Asintió Carvalho. Se metió el cheque en el bolsillo y volvió a la amplia antesala. Nada más entrar tuvo la sensación de que la escena había cambiado sustancialmente. Un silencio prácticamente total embalsamaba los corros no disueltos. Los cuerpos asumían una rigidez discutida por las cabezas que trataban de mirar hacia cualquier parte menos a una, exactamente hacia donde Esparza Julve estaba recogiendo su carpeta y dialogaba convencionalmente con la secretaria, en voces que se crecían entre el silencio instalado. Esparza Julve se metió la carpeta bajo el brazo, se acercó a un grupo de camaradas, hizo algún comentario contestado por monosílabos. Probó fortuna en otro grupo. En otro. Su paso se había vuelto cansino. Desde su posición Carvalho adivinó que Esparza trataba de acercarse a la puerta sin dar la impresión de huida. Pero allí estaba Mir, ante él, sin mirarle, ordenando: La reunión va a empezar. Esparza trató de rebasar a Mir pero no pudo. Le cogió por un brazo y le empujó sosegadamente hacia el salón. Esparza sonreía pálidamente, trataba de hacer algún comentario jocoso. Carvalho siguió a la pareja hasta que entró en la sala, se quedó en el marco de la puerta viendo las espaldas de Mir y Esparza hasta que llegaron a la primera fila de mesas. Mir abandonó a Esparza, quien buscó su sitio habitual y lo ocupó. Como si hubiera sido una señal, los miembros del Comité Central del Partido Comunista de España en pleno se pusieron de pie, apartaron ruidosamente las sillas, formaron un círculo compacto en torno a Esparza Julve, un círculo distanciado, como creando un vacío de aire puro en torno al punto putrefacto, un círculo silencioso, ojos como clavos, duros, llorosos algunos, rojos, airados, despreciativos, Esparza Julve se levantó lentamente, recogió la carpeta, avanzó unos pasos, llegó hasta un punto del círculo y por allí se abrió, como obedeciendo a una orden secreta. Fue entonces cuando alguien gritó con la voz estrangulada: ¡Se nota, se siente, Garrido está presente! Esparza Julve pasó ante Mir sin mirarle. Carvalho desocupó la puerta para dejarle paso y el hombre pasó a su lado mirándole de reojo, con el hocico sudado y los ojos de un animal que teme morir.
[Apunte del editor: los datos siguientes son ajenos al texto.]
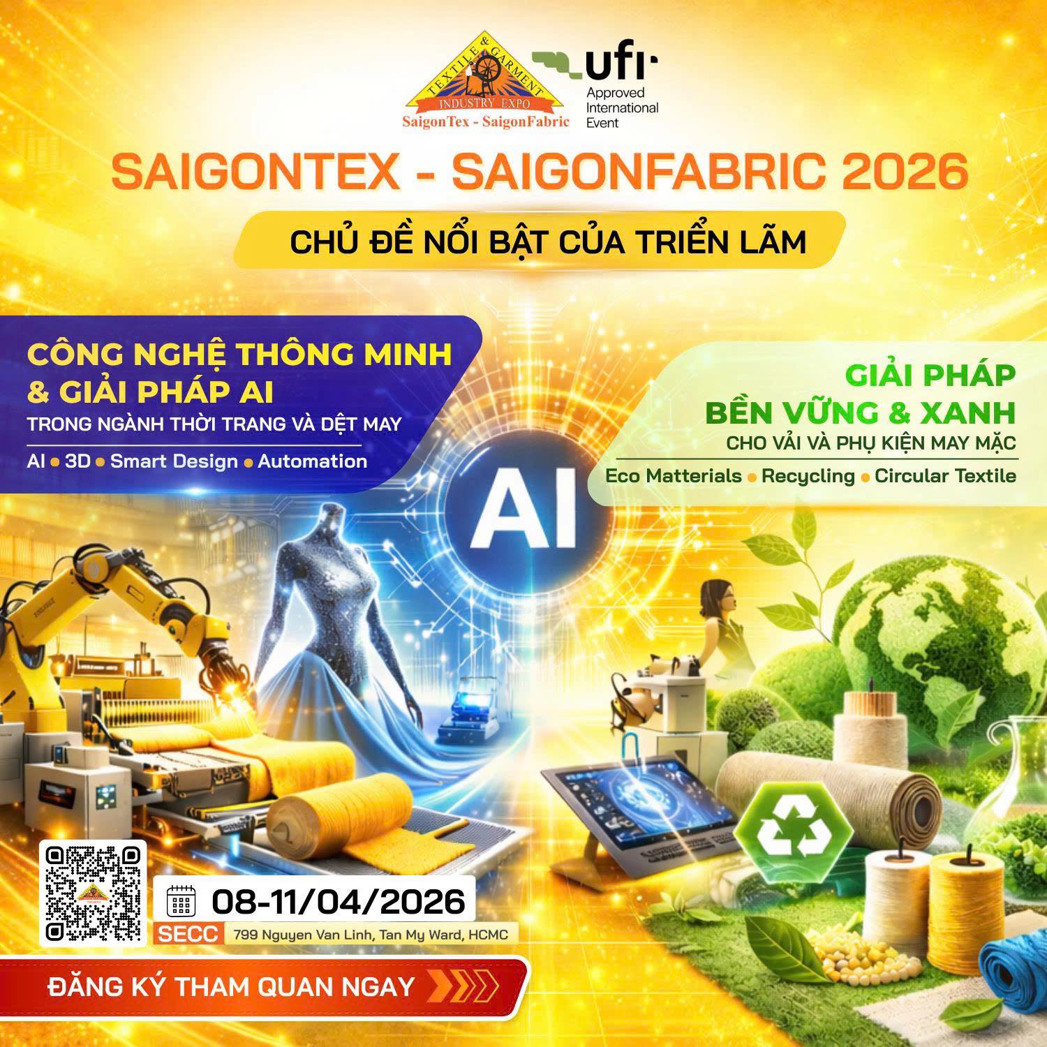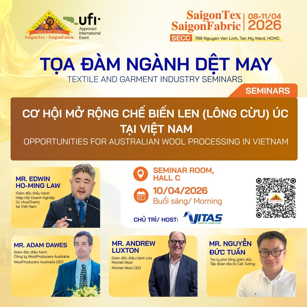 Triển lãm SaigonTex – SaigonFabric 2026 diễn ra từ ngày 8 đến 11/4 tại Trung tâm Hội chợ & Triển lãm Sài Gòn (SECC), TP.HCM. Đây là triển lãm quốc tế hàng đầu trong lĩnh vực dệt may, thiết bị, nguyên phụ liệu và vải. Đặc biệt, triển lãm này được UFI – Hiệp hội Triển lãm Toàn cầu công nhận.
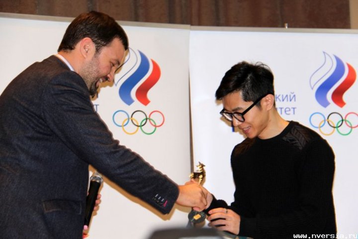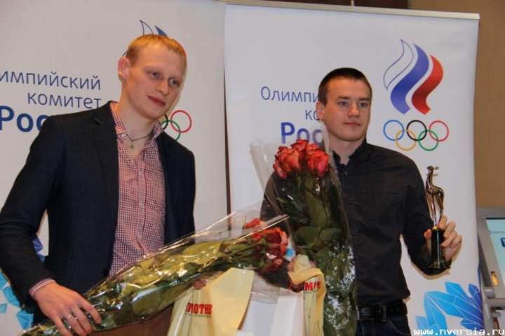 В Большом зале Олимпийского комитета России состоялось награждение лучших спортсменов 2014 года по итогам голосования спортивных журналистов. В число отмеченных статуэткой "Серебряная лань" вошел олимпийский чемпион по прыжкам в воду Илья Захаров. На церемонию вручения призов он пришел вместе с другом и напарником по синхронным прыжкам Евгением Кузнецовым из Ставрополя. В прошлом году они стали победителями чемпионата Европы на трамплине. "Серебряную лань" лауреаты получили из рук президента Союза спортивных журналистов Николая Долгополова.

—Guárdese el miedo para afuera. Aquí sólo le han ejecutado moralmente. Pero fuera, mientras viva, una pistola le estará apuntando. Es usted el cómplice más molesto del mundo.

—¿De qué me habla?

Pero no se paró. Se escapaba como si resbalase por un túnel de sudor. Se había cerrado la puerta del salón. Empezaba la reunión del Comité Central. Carvalho salió tras los pasos de Esparza Julve. Le dejó ganar terreno. Bajar escalones de marmolina con la fingida agilidad de unas piernas que le dolían como si fuesen el corazón. Carvalho se demoró para que su seguimiento no pudiera ser interpretado como una persecución. Corre, corre, conejo. Y dejó que el conejo saliera con treinta metros de distancia, abiertas automáticamente las puertas de cristal, como si contribuyeran a la escenografía del drama y en el momento en que las puertas se volvían a cerrar, una ráfaga de ametralladora las convirtieron en un cielo de telarañas sobre el que se insinuó la silueta desformada de Esparza Julve cayendo como un pellejo de vino taladrado por mil muertes. Carvalho se tiró al suelo y la recepción del hotel Continental se llenó de gritos y de voces. Carvalho se alzó y corrió hacia las puertas que mantenían una rota consistencia. La cercanía de Carvalho puso en marcha la célula fotoeléctrica, las puertas empezaron a abrirse como si nada hubiera pasado y luego se descompusieron en polvo de vidrio dejando al descubierto el guiñol sangriento sobre los escalones de salida. Carvalho pasó junto al cadáver de Esparza Julve sin mirarlo, como si fuera un traje vacío. Carmela estaba entre el público contenido por la policía. Interrogó a Carvalho con la mirada. El detective se hizo acompañar hasta el coche y se metió dentro, esperando que Carmela reaccionara y se pusiera al volante.

—¿Quién era?

—El asesino de Garrido. Le han matado.

—Ha sido desde un coche. Yo estaba telefoneando a la guardería desde la cabina de la esquina. Había un coche aparcado en doble hilera, como otros muchos, y de pronto han empezado a disparar con ametralladoras mientras despegaban. ¿Quién era?

—Esparza Julve.

—¿Estás loco? ¿Pero sabes de quién hablas?

—Ya era un cadáver cuando salió del hotel. Le habían matado de desprecio.